Next, Mazyck argues that his motion to vacate should have been granted after he came
forward with evidence that a key prosecution witness had recanted. Mazyck submitted an affidavit
from inmate Richard Pellicia stating that Arthur Alston, the state’s key witness against Mazyck,
had told Pellicia that Alston himself was one of the shooters of the Townsels, calling into question
the truthfulness of Alston’s trial testimony. The state court conducted a full evidentiary hearing
where Pellicia and Alston testified. Notably, Alston denied recanting his testimony. Justice Chun
found Alston to be more credible than Pellicia, and therefore denied the motion to vacate the
conviction. Ex. H, at 7–8. Mazyck has not presented “clear and convincing evidence” that this
credibility determination was erroneous. See 28 U.S.C. § 2254(e)(1).

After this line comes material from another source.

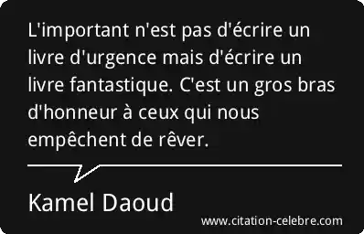 L'important n'est pas d'écrire un livre d'urgence mais d'écrire un livre fantastique. C'est un gros bras d'honneur à ceux qui nous empêchent de rêver.

Finally, Mazyck alleges that the prosecutor failed to turn over exculpatory evidence.
Specifically, in Mazcyk’s pre-hearing § 440 motion before the trial court, he “raise[d] the troubling
possibility that Alston lied at trial, with the People’s acquiesence [sic], about his cooperation
agreement.” Pet’r’s § 440 Mot. at 5. Nevertheless, in Mazyck’s memorandum following his §
440 hearing, he conceded that “the evidence at the hearing did not support the conclusion that any
misconduct was involved.” Pet’r’s Post Hr’g Mem. at 1. Petitioner cannot now claw back his
concession that this claim lacks merit.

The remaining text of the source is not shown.